Franc​e, Iran: Peace?



The process by which troops have been recruited to serve in the U.N. peacekeeping force in Lebanon has been a dismaying spectacle for those actually interested in peace. But as much as it may portend the utter futility of that force's activity, it is also highly instructive about the future of other international initiatives aimed at preventing a nuclear Iran.

The United Nation's Lebanon force is something of a farce even before it begins. Though Israel and the United States agreed to terms of the cease-fire in the war with Hezbollah because of European — and specifically, French — promises to deploy troops that would effectively free southern Lebanon of terrorist occupation, those pledges were effectively null and void even before the ink was dry.

It's now clear that the French will send troops; it's equally clear that they'll be of little use in restraining Hezbollah. Indeed, Israel announced that its postwar goal was no longer to see Hezbollah disarmed — since the troops who were supposed to do that job clearly would make no effort to do so. Rather, the Jewish state merely hopes that Hezbollah will be deterred from launching another strike.

All of which leads us to wonder whether this may foreshadow a losing battle to head off a nuclear Iran.

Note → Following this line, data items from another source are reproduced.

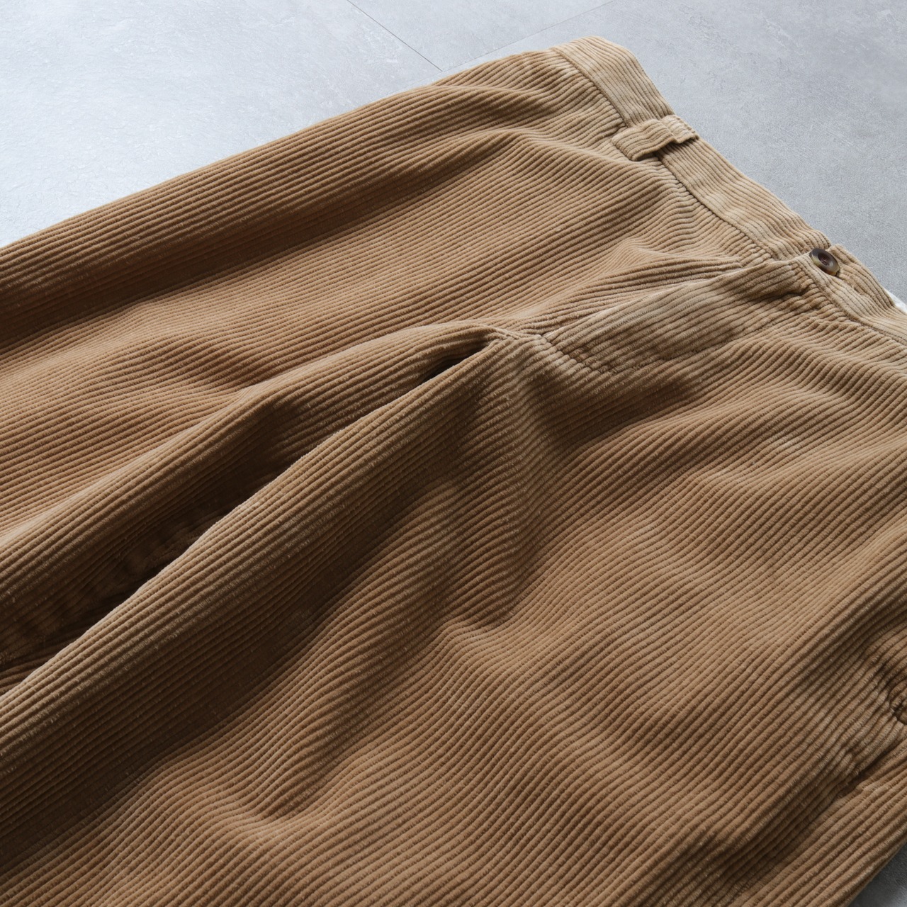 クラシックな太畝コーデュロイとバックのフラップポケット。
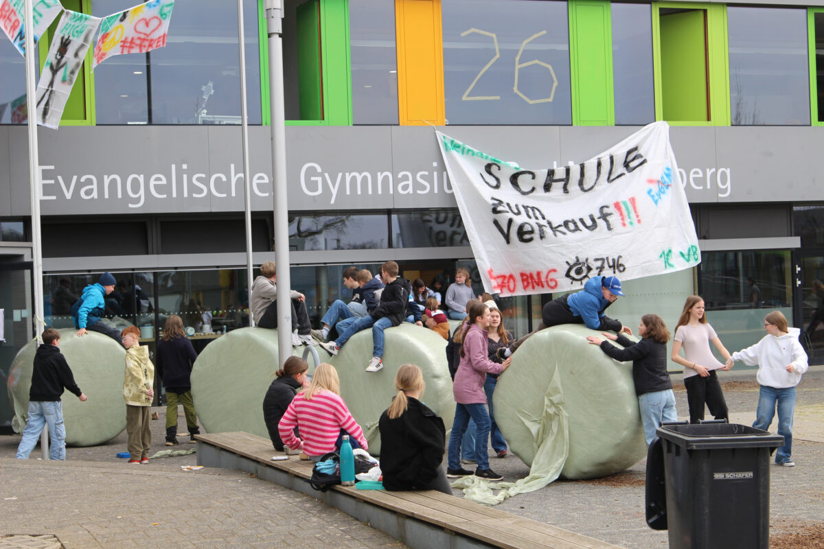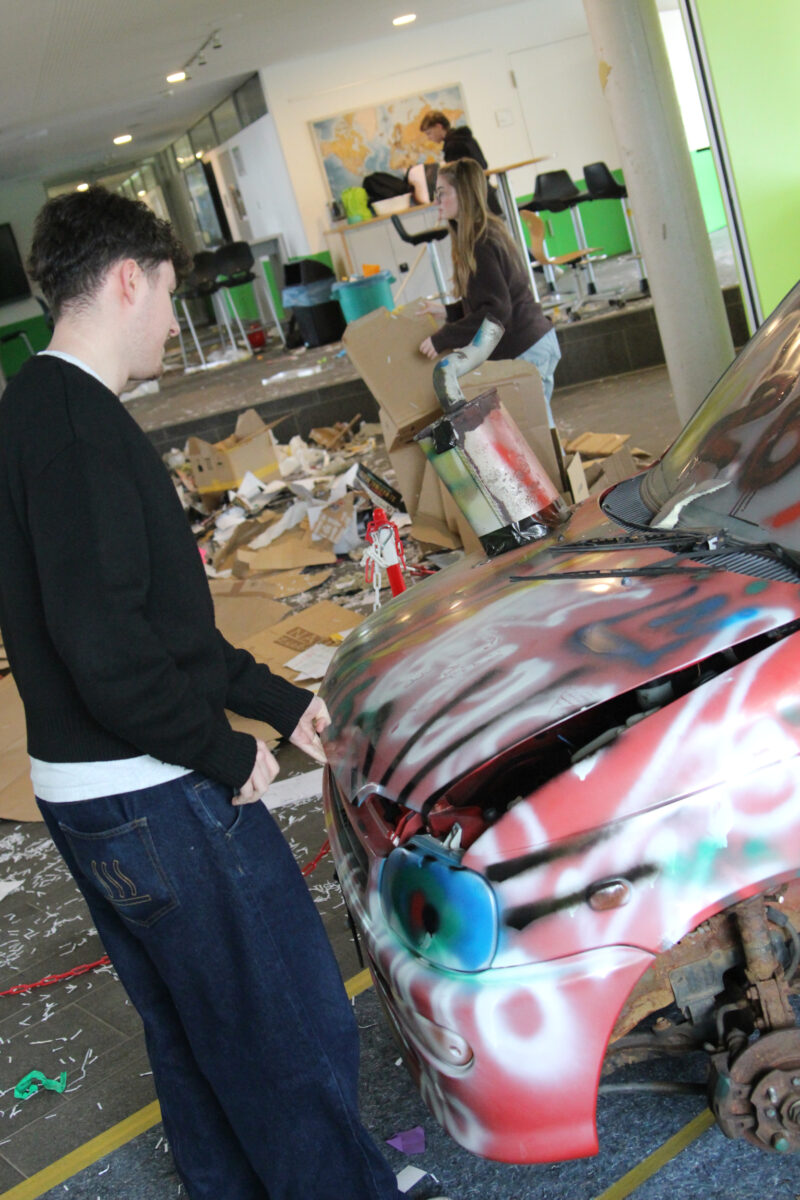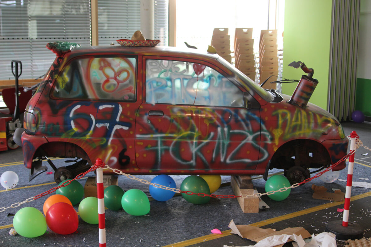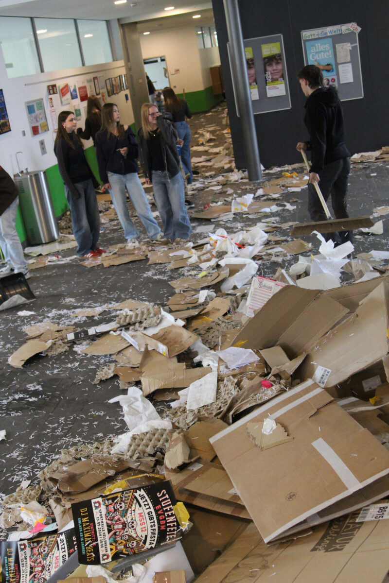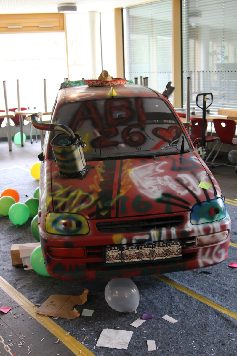 Als am Dienstag, den 24.03.2026, die Lernenden und Lehrenden an das EvGBM kamen, um einen weiteren Tag mit dem fleißigen Erwerben von Kompetenzen und Wissen zu verbringen, erwartete sie eine gehörige Überraschung: Die Schule war abgesperrt; besetzt von dem frischgebackenen Abiturjahrgang 2026. Die Überraschung war groß und groß war auch das Chaos, auf das die Schulgemeinschaft stieß: Der Schulhof war dick mit Rindenmulch bedeckt, die Eingangstür war mit Heuballen versperrt, das Foyer war übersät mit obsolet gewordenen Unterrichtsmitschriften und im grünen Salon wartete das Highlight: ein – nicht mehr ganz verkehrssicherer – Kleinwagen stand im Schulgebäude. Künstlerisch war das Auto zwar „aufgehübscht“ worden, aber die Räder des Boliden fehlten. Um die Hoheit über die Schule (und die Räder für das Auto) zu erlangen, mussten die Lehrenden in der Turnhalle vor der versammelten Schulgemeinschaft in spannenden Wettkämpfen gegen den Abiturjahrgang antreten.
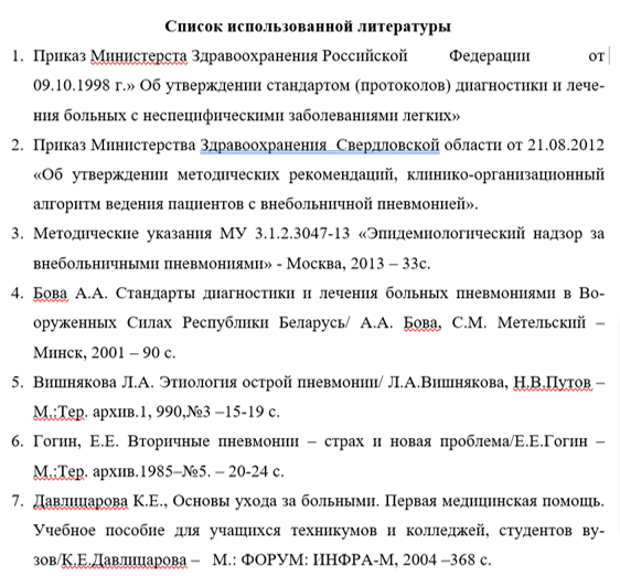- Никонова Е.В. Пневмонии, эпидемиология, классификация, клинико- диагностические аспекты/ Е.В.Никонова, А.Г.Чучалин, А.Л.Черняев – М.:«Русский мед. журнал»,1998 – Т.5 – №17 –1095-1099 с.
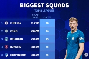 體育資訊7月8日訊 《轉(zhuǎn)會市場》統(tǒng)計了當(dāng)前五大聯(lián)賽一線隊人數(shù)最多的球隊情況,切爾西無懸念居首。
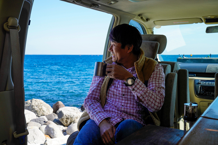 「どんなに安くても、どんなに古くても、キャンピングカーが一台あれば車内でリラックスして寝ることができます。きっと新しい旅のスタイルを楽しめるようになるはずです。もし現在スペースに余裕のあるクルマに乗っているなら、試しに数泊クルマの中で寝てみることをおすすめします。きっと思いのほか快適で、自由に旅を楽しめることに気付くはずですから。『だったらキャンピングカーならもっと快適だね』。そう思ってもらえたら嬉しいですね」
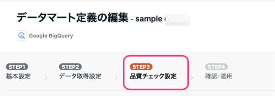 対象のデータマート定義を開き、「STEP3: 品質チェック設定」をクリックすることで既存のデータマート定義に品質チェックを追加することができます。
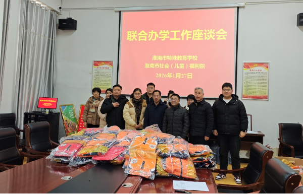 近日,淮南市社会(儿童)福利院迎来市特殊教育学校校长带领骨干教师一行,前来福利院开展学期末工作座谈会。市特教学校团队不仅带来了精心准备的 100 余套崭新校服,更与福利院领导、教师围绕深化合作展开深入交流,为福利院的特殊儿童成长之路注入满满暖意。
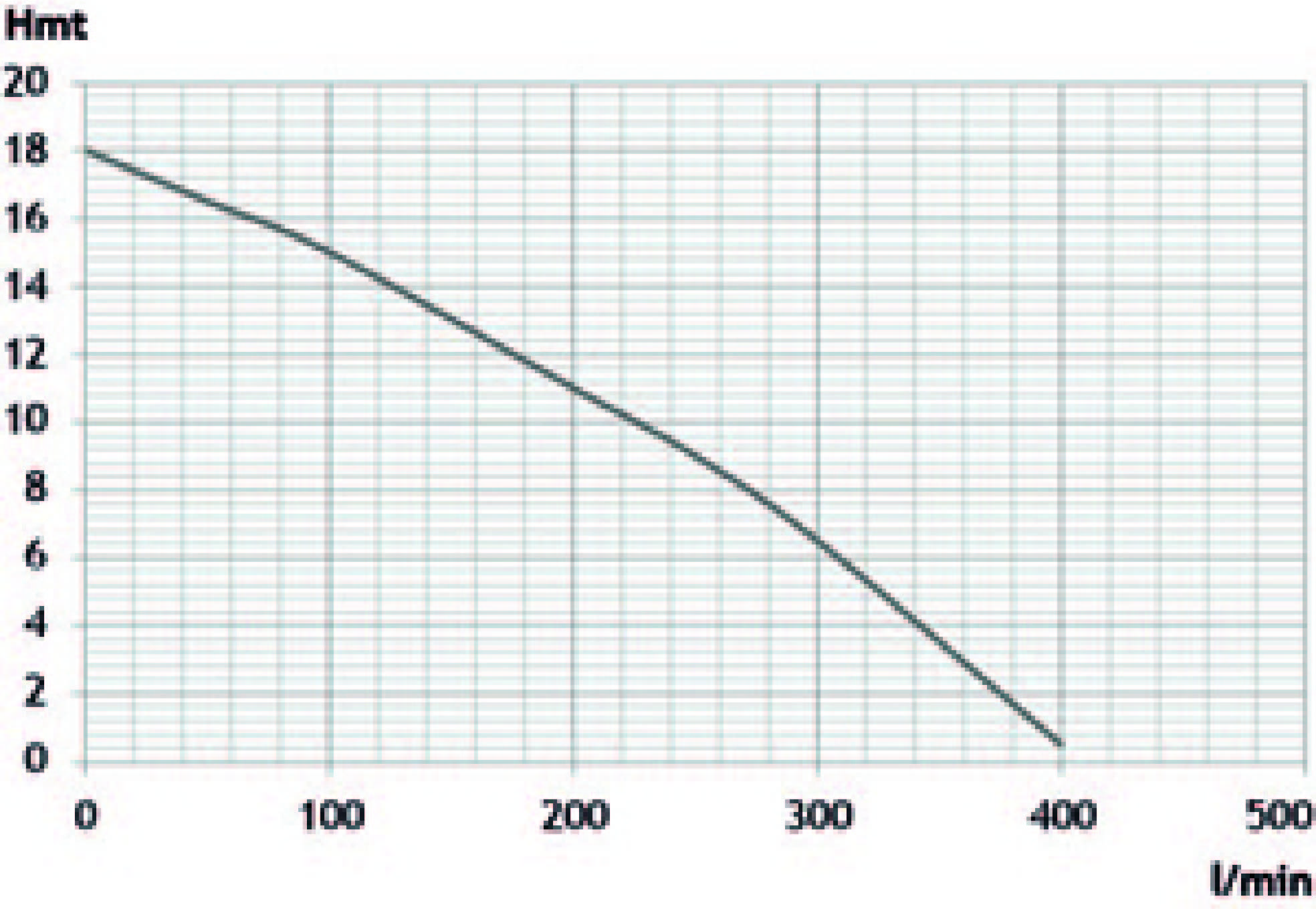 Pour HMT 18 mètres = débit de 0 m3/h ; 0 l/min
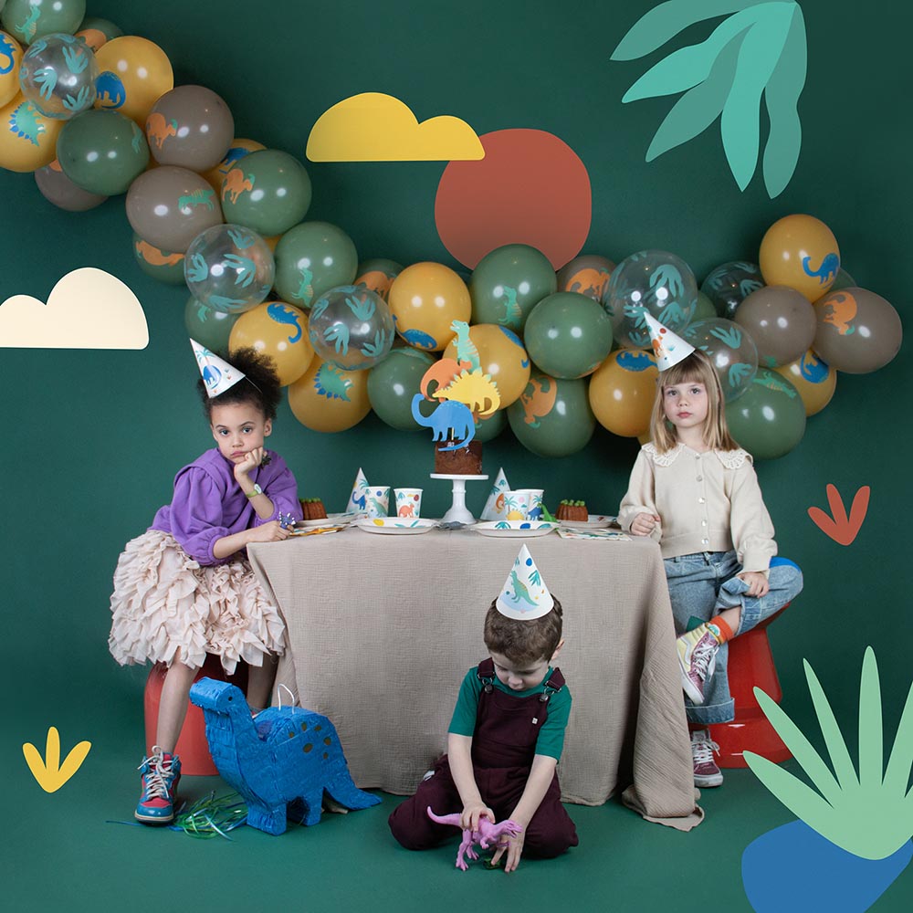 Rrrrrrooooaaarrrr! My Little Day presenteert u haar dinosaurussencollectie, speciaal voor beginnende paleontologen! Deze 8 dinosaurussen feestmutsen zijn ontworpen door My Little Day in Parijs en gemaakt in de EU! Vergeet niet de verjaardagsdecoraties en bekijk de rest van onze dinosaurussencollectie! Servetten, ballonnen, bekers... alles wat je nodig hebt voor een trendy feesttafel met een totaal look!
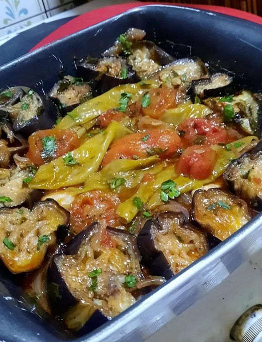 Προτηγάνισα 2 μεγάλες μελιτζάνες και 4-5 πρ. πιπεριές, τις έβγαλα σε απορροφητικό χαρτί κουζίνας.

Iran — which not coincidentally has trained, armed and given extensive backing to Hezbollah — remains the greatest threat to both world peace and the life of Israel. Its extremist president, Mahmoud Ahmadinejad, has made everyone aware that he seeks to wipe the Jewish state off the map, even risking grave casualties among his own people to accomplish this goal. The international community is united in opposition to Iran's nuclear ambitions, but the same Europeans who have dithered over Lebanon and opposed serious measures against Hezbollah will be needed to change their appeasement tune if there's to be any chance that Iran can be prevented from joining the nuclear club.

Those analysts who are busy writing obituaries for an aggressive American foreign policy this summer should draw just the opposite conclusion from the Lebanon debacle. If there's any argument to be made for relying on the French, their lukewarm resolve to stop terror has debunked it. Though the final outcome of the Israel-Hezbollah war may yet to be written, it's clear that if the Iranian nuclear program is to be halted, it cannot be accomplished by a dependency on European resolve.